INFORMATION SUPPLIED: Begin
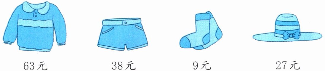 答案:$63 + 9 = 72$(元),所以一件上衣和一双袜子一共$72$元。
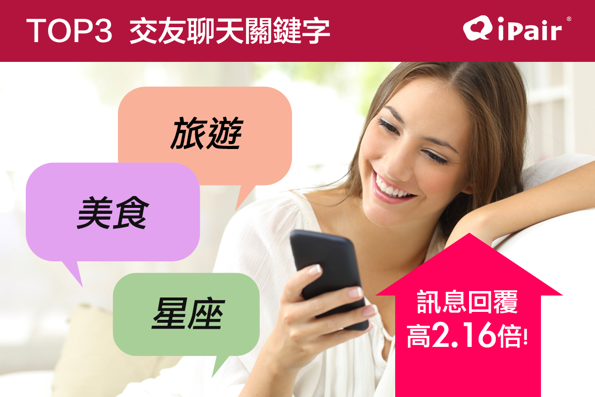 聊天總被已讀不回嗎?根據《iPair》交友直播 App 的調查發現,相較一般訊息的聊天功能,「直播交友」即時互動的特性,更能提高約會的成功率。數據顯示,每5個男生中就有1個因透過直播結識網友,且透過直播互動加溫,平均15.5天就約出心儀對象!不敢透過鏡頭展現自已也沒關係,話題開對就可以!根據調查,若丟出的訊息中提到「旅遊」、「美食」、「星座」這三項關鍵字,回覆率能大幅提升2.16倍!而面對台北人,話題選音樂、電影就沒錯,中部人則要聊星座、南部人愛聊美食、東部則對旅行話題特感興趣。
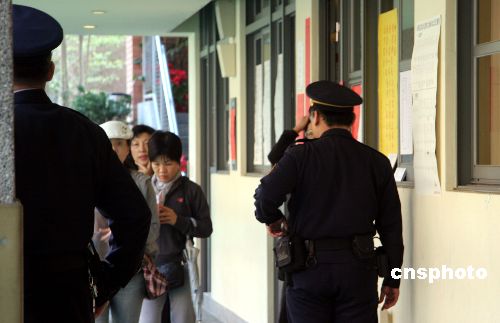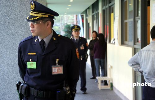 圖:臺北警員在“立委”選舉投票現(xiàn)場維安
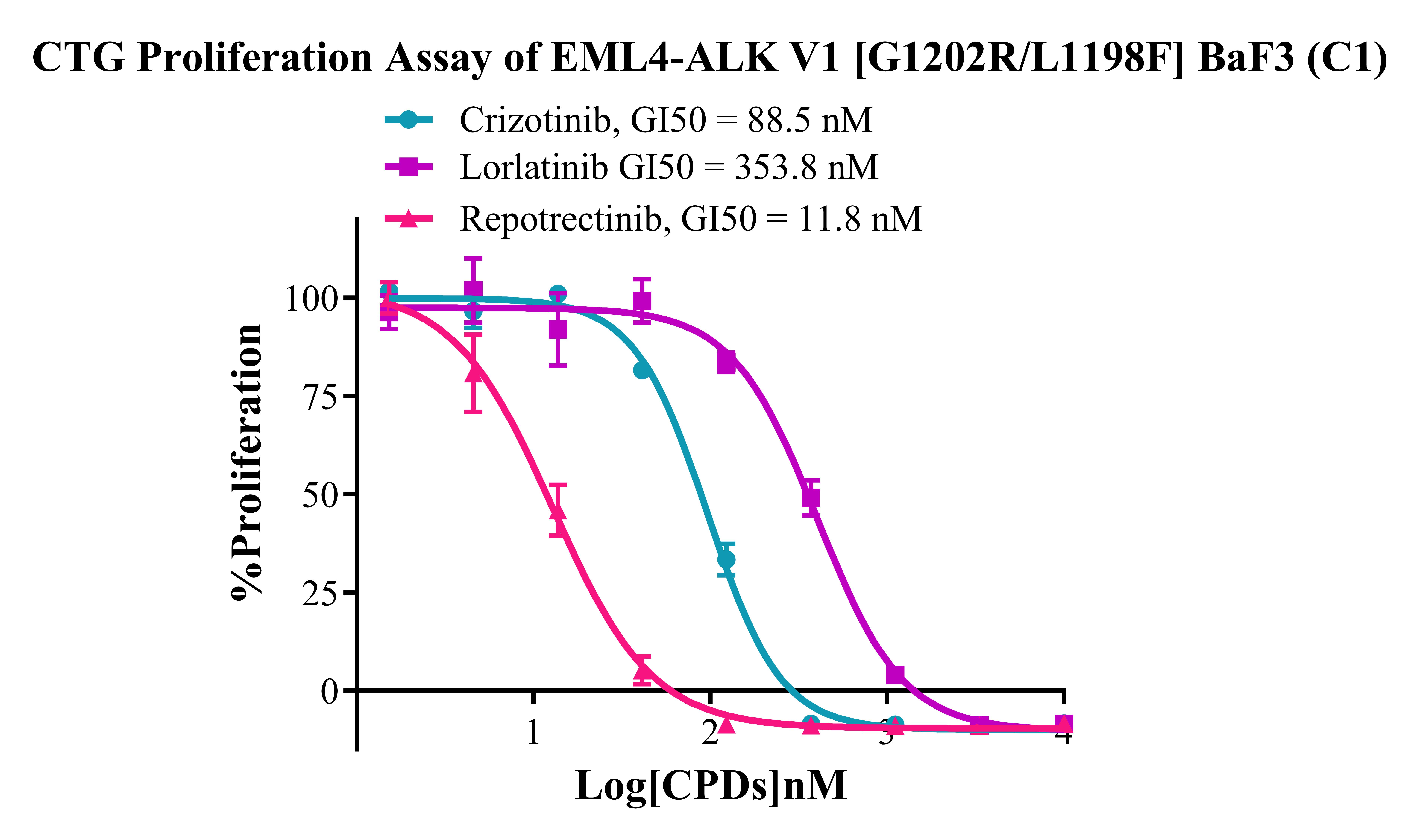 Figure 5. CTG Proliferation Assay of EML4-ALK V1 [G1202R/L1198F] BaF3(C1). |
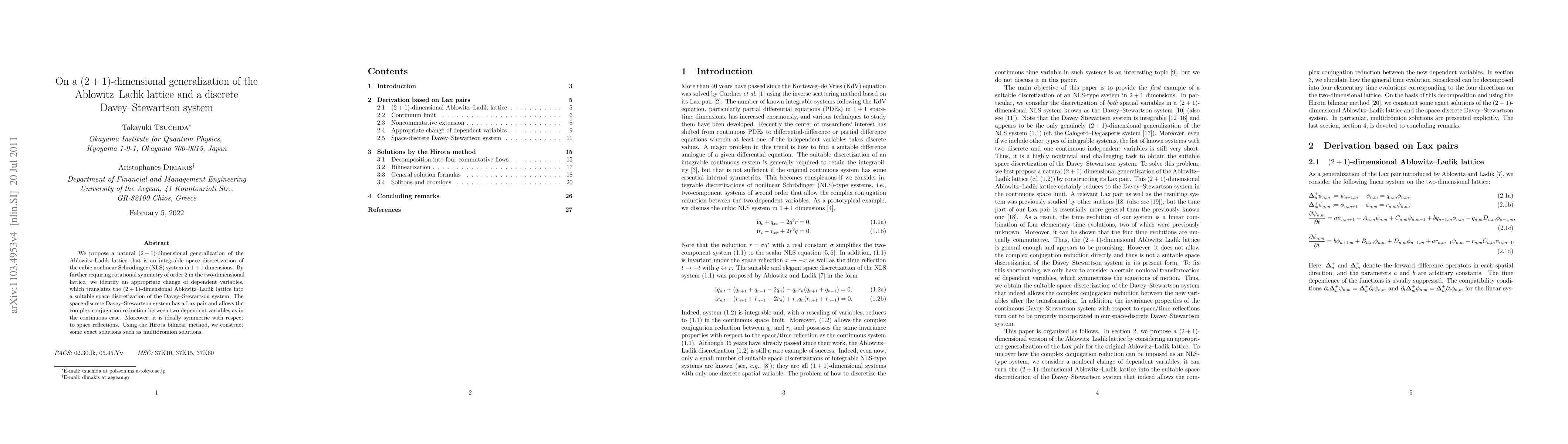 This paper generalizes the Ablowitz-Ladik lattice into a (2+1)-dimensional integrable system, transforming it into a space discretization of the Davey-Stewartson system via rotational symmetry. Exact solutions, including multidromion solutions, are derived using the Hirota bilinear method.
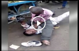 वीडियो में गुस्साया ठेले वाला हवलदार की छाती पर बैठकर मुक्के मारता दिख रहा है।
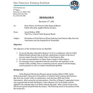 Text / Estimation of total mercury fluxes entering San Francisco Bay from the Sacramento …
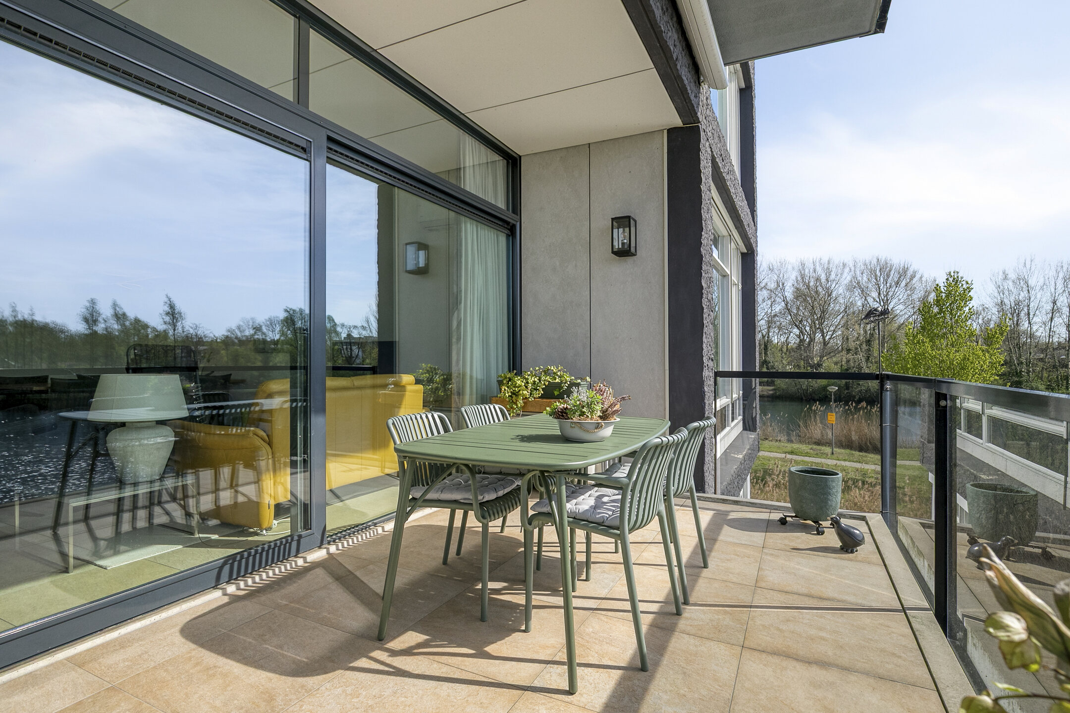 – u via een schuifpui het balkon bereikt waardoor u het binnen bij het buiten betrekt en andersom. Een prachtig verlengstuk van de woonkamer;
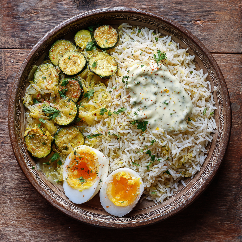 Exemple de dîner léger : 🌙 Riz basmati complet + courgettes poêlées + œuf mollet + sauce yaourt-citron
INFORMATION SUPPLIED: End
### AIM OF THE EXERCISE
What is needed is every record above, returned exactly, with the pictures omitted.

### ANSWER SPACE
 答案:$63 + 9 = 72$(元),所以一件上衣和一双袜子一共$72$元。
 聊天總被已讀不回嗎?根據《iPair》交友直播 App 的調查發現,相較一般訊息的聊天功能,「直播交友」即時互動的特性,更能提高約會的成功率。數據顯示,每5個男生中就有1個因透過直播結識網友,且透過直播互動加溫,平均15.5天就約出心儀對象!不敢透過鏡頭展現自已也沒關係,話題開對就可以!根據調查,若丟出的訊息中提到「旅遊」、「美食」、「星座」這三項關鍵字,回覆率能大幅提升2.16倍!而面對台北人,話題選音樂、電影就沒錯,中部人則要聊星座、南部人愛聊美食、東部則對旅行話題特感興趣。
 圖:臺北警員在“立委”選舉投票現(xiàn)場維安
 Figure 5. CTG Proliferation Assay of EML4-ALK V1 [G1202R/L1198F] BaF3(C1). |
 This paper generalizes the Ablowitz-Ladik lattice into a (2+1)-dimensional integrable system, transforming it into a space discretization of the Davey-Stewartson system via rotational symmetry. Exact solutions, including multidromion solutions, are derived using the Hirota bilinear method.
 वीडियो में गुस्साया ठेले वाला हवलदार की छाती पर बैठकर मुक्के मारता दिख रहा है।
 Text / Estimation of total mercury fluxes entering San Francisco Bay from the Sacramento …
 – u via een schuifpui het balkon bereikt waardoor u het binnen bij het buiten betrekt en andersom. Een prachtig verlengstuk van de woonkamer;
 Exemple de dîner léger : 🌙 Riz basmati complet + courgettes poêlées + œuf mollet + sauce yaourt-citron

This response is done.